DT大数据梦工厂
文件/home/pengyucheng/java/rdd2dfram.txt
中有如下4条记录:
1,hadoop,11
2,spark,7
3,flink,5
4,ivy,27
编码实现:查询并在控制台打印出每行第三个字段值大于7的记录-例如,第一条记录1,hadoop,11
中第三个字段值为 11 大于7故应该打印出来。
上述问题属于Spark SQL类问题:即查询出第三个字段值为 11 大于7的记录。关键在于将txt中的非结构化的数据转换成DataFrame中的类似myql中的结构化(有具体数据类型)的数据,而转换的方式有两种:
“Spark SQL supports two different methods for converting existing RDDs into DataFrames. The first method uses reflection to infer the schema of an RDD that contains specific types of objects. This reflection based approach leads to more concise code and works well when you already know the schema while writing your Spark application.
The second method for creating DataFrames is through a programmatic interface that allows you to construct a schema and then apply it to an existing RDD. While this method is more verbose, it allows you to construct DataFrames when the columns and their types are not known until runtime.”

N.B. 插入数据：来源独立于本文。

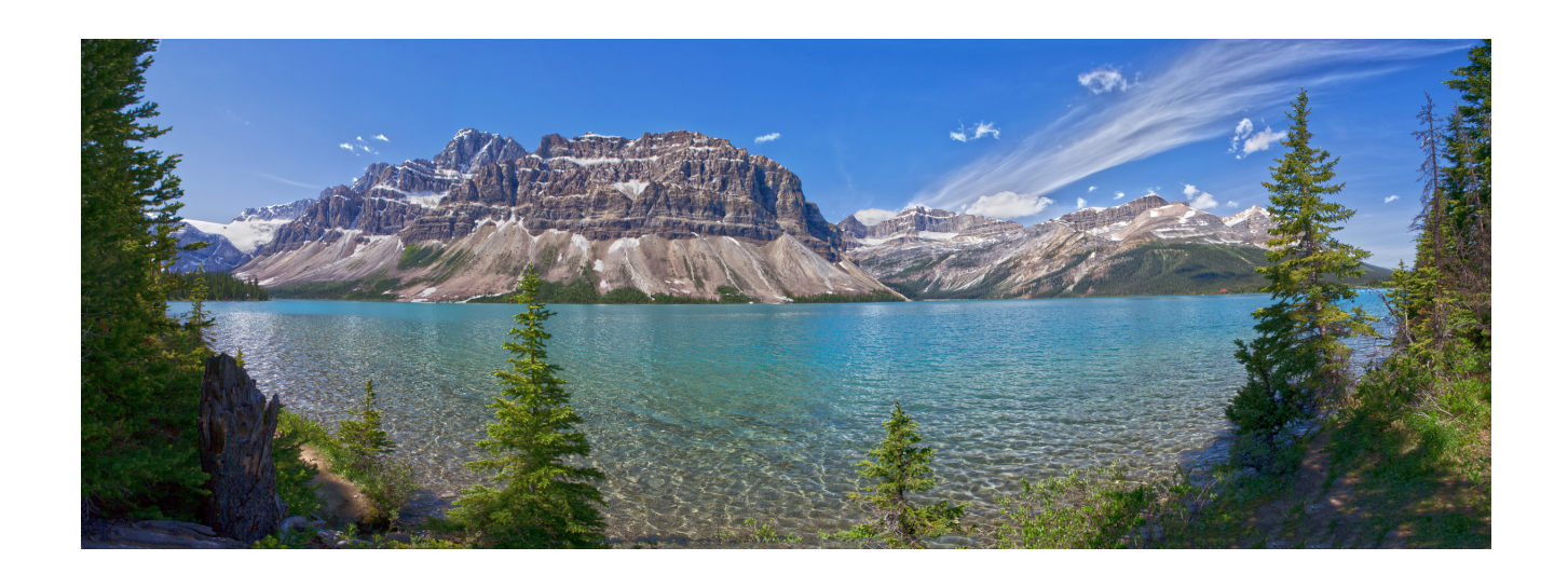
Listening Hearts 2

本文通过案例讲解第一转换方式,下一篇文章分析第二种转换方式。
package main.scala;
import java.io.Serializable;
/**
* 封装文件内容
* @author pengyucheng
*/
public class Person implements Serializable{
private static final long serialVersionUID = 1L;
private int id;
private String name;
private int age;
public int getId() {
return id;
}
@Override
public String toString() {
return "Person [id=" + id + ", name=" + name + ", age=" + age + "]";
}
public String getName() {
return name;
}
public int getAge() {
return age;
}
public void setId(int id) {
this.id = id;
}
public void setName(String name) {
this.name = name;
}
public void setAge(int age) {
this.age = age;
}
}
package cool.pengych.spark.sql;
import java.util.List;
import org.apache.spark.SparkConf;
import org.apache.spark.api.java.JavaRDD;
import org.apache.spark.api.java.JavaSparkContext;
import org.apache.spark.api.java.function.Function;
import org.apache.spark.sql.DataFrame;
import org.apache.spark.sql.Row;
import org.apache.spark.sql.SQLContext;
/**
* RDD 转换成DataFrame
* @author pengyucheng
*
*/
public class RDD2DataFrameByReflection
{
public static void main(String[] args)
{
/*
* 1、创建SQLContext
*/
SparkConf conf = new SparkConf().setMaster("local[*]").setAppName("RDD2DataFrameByReflection");
JavaSparkContext sc = new JavaSparkContext(conf);
SQLContext sqlContext = new SQLContext(sc);
/*
* 2、读取外部文件,并转换封装到对应的JavaRDD中
*/
JavaRDD lines = sc.textFile("file:home/pengyucheng/java/rdd2dfram.txt");
JavaRDD persons = lines.map(new Function(){
private static final long serialVersionUID = 1L;
@Override
public Person call(String line) throws Exception
{
String[] attrs = line.split(",");
Person person = new Person();
person.setId(Integer.valueOf(attrs[0]));
person.setAge(Integer.valueOf(attrs[2]));//age的序列号为 2
person.setName(attrs[1]);
return person;
}
});
/*
* 3、生成DataFrame:在底层通过反射的方式获得Person的所有fields,结合RDD本身,就生成了DataFrame
*/
DataFrame df = sqlContext.createDataFrame(persons, Person.class);
df.registerTempTable("persons");
DataFrame bigDatas = sqlContext.sql("select * from persons where age >= 6");
JavaRDD bigDatasRDD = bigDatas.javaRDD();
JavaRDD result = bigDatasRDD.map(new Function() {
private static final long serialVersionUID = 1L;
@Override
public Person call( Row row) throws Exception
{
Person person = new Person();
person.setId(row.getInt(1));
person.setAge(row.getInt(0));//age的序列号变为 0:DataFrame -> JavaRDD过程中对
person.setName(row.getString(2));
return person;
}
});
/*
* 4、在控制台输出结果
*/
List personList = result.collect();
for (Person person : personList)
{
System.out.println(person);
}
}
}
package main.scala
import org.apache.spark.SparkConf
import org.apache.spark.SparkContext
import org.apache.spark.sql.SQLContext
object RDD2DataFrameByReflection {
def main(args: Array[String]): Unit = {
val conf = new SparkConf().setMaster("local[*]").setAppName("RDD2DataFrameByReflection")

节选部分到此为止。